"Бустамонте желает предотвратить всякую возможность повторения такого постыдного поражения. Он формирует касту бойцов, призванную оборонять планету. Этой касте он отвел побережье Хилантского залива в Шрайманде. Прежнее население этого района пришлось переселить. Его заменили новой популяцией, говорящей на новом языке и воспитываемой в боевых традициях. В Видаманде Бустамонте пользуется сходными средствами, устраивая промышленный комплекс, чтобы обеспечить независимость Пао от Меркантиля".
Беран молчал, пораженный масштабом исполинских планов, но у него в уме все еще копошились сомнения. Палафокс терпеливо ждал. Беран неуверенно нахмурился, прикусил крепко сжатый кулак и в конце концов выпалил: "Но паоны никогда не были солдатами или торговцами - они ничего не понимают в таких вещах! Как Бустамонте может надеяться на успех?"
"Не забывай, - сухо сказал Палафокс, - что Бустамонте руководствуется моими рекомендациями".
Замечание раскольника сопровождалось невысказанным утверждением: судя по всему, он заключил с Бустамонте какую-то сделку. Беран подавил эту мысль, отправив ее в закоулки памяти, и приглушенно спросил: "Неужели нельзя было обойтись без выселения миллионов людей?"
"Таково обязательное условие. На территории новой касты не должно оставаться никаких следов прежнего наречия и прежнего образа жизни".
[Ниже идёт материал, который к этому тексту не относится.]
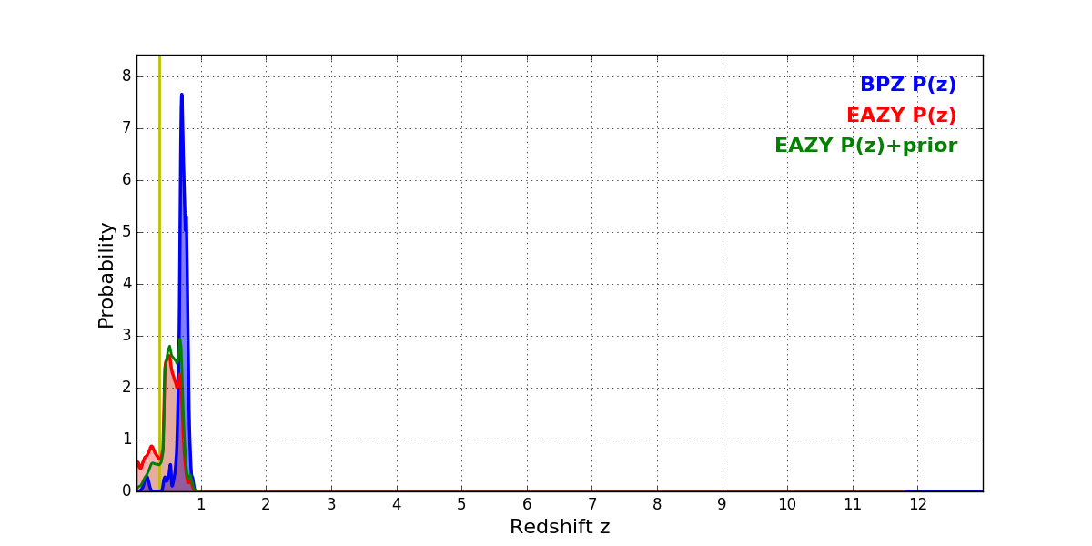 In P(z) plots: Yellow lines mark the cluster redshift z = 0.356,

Будучи паоном, Беран знал, что в истории его родной планеты нередко случались трагедии, уносившие жизни миллионов и порождавшие волны переселенцев и беженцев. Ему удалось согласиться с убедительностью разъяснений Палафокса: "Это новое племя - они останутся паонами?"
Палафокс, казалось, удивился: "Как может быть иначе? Они - настоящие паоны, плоть и кровь Пао, взращенные хлебами Пао, присягнувшие на верность только панарху и никому другому!"
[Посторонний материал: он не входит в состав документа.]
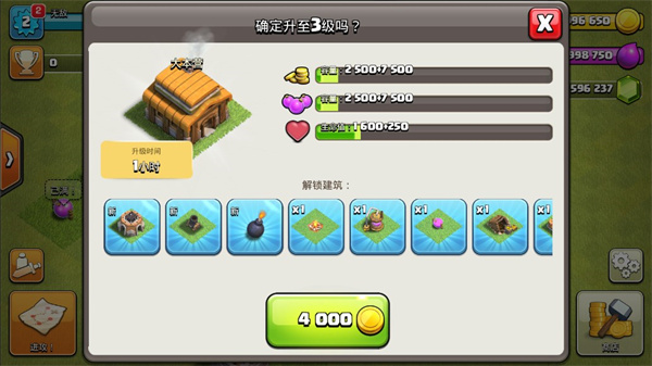 8、直到完成了可以升级大本营的所有建筑,就可以给大本营进行升级;

Беран открыл было рот, но тут же с сомнением закрыл его.
Палафокс ждал, но Беран, подавленный и недовольный, не мог выразить свои чувства на слишком логичном раскольном языке.
"А теперь скажи мне, - совсем другим тоном произнес Палафокс, - как идут дела в Институте?"
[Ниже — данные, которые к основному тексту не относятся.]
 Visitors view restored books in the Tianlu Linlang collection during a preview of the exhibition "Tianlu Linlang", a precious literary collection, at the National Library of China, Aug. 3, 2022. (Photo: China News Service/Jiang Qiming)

"Хорошо. Я защитил четвертую диссертацию - кроме того, ректор заинтересовался моим последним самостоятельным эссе".
"Чему посвящено это эссе?"
"Я рассмотрел возможность определения паонезского понятия "презенс", означающего волю к жизни, в терминах, доступных мышлению раскольников".
В голосе Палафокса появилась некоторая резкость: "И ты, конечно же, глубоко проанализировал мышление раскольников и досконально в нем разобрался?"
Удивленный подспудным неодобрением, Беран, тем не менее, не растерялся: "Конечно же, такой человек, как я, не успевший в полной мере стать ни паоном, ни раскольником, но отчасти воспринявший образ мыслей обеих популяций, наилучшим образом подготовлен к тому, чтобы делать подобные сравнения".
"Подготовлен, в этом отношении, лучше, чем такой человек, как я?"
Беран тщательно выбирал слова: "Для такого сравнения у меня нет достаточных оснований".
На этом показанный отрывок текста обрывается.